(Data Opens)

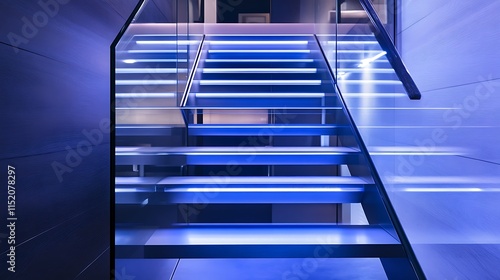 Obraz premium A modern staircase illuminated with blue light, creating a sleek and...
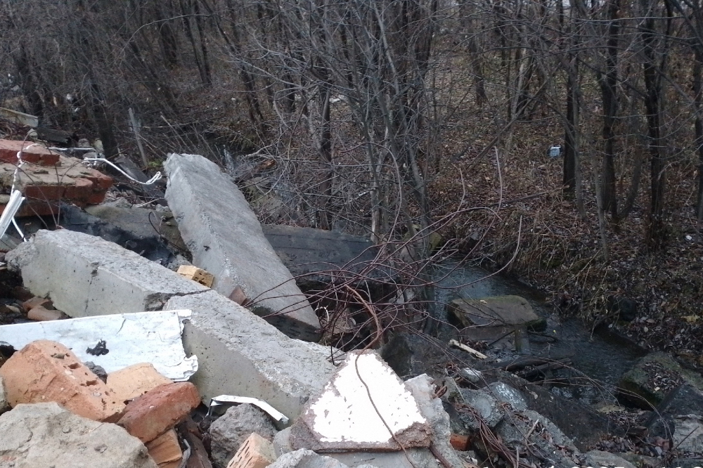 Горы строительных отходов нависают над руслом реки Широкой. Фото: Елена Кольцова
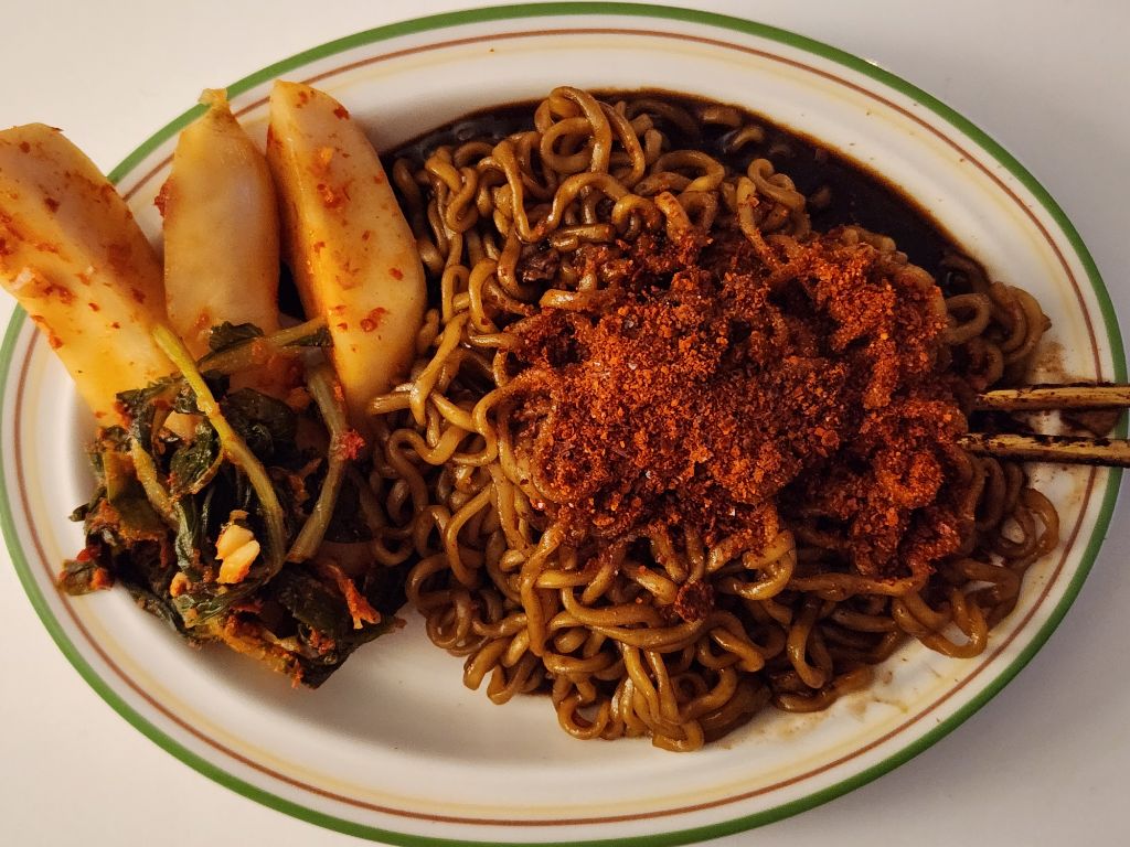 짜파게티는 총각김치랑 머거야하는거 아시조
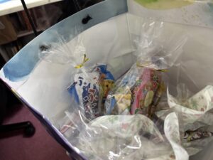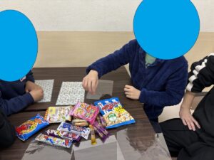 揃ったら、景品ゲットをゲットできます。実は袋詰めされたこのお菓子たち、詰めてくれたのは子供たちでした”(-“”-)”

(Data Closes)

◆ Problem requirements: Make an exact copy of the data, leaving its pictures out.

◆ Answer:
 Obraz premium A modern staircase illuminated with blue light, creating a sleek and...
 Горы строительных отходов нависают над руслом реки Широкой. Фото: Елена Кольцова
 짜파게티는 총각김치랑 머거야하는거 아시조
 揃ったら、景品ゲットをゲットできます。実は袋詰めされたこのお菓子たち、詰めてくれたのは子供たちでした”(-“”-)”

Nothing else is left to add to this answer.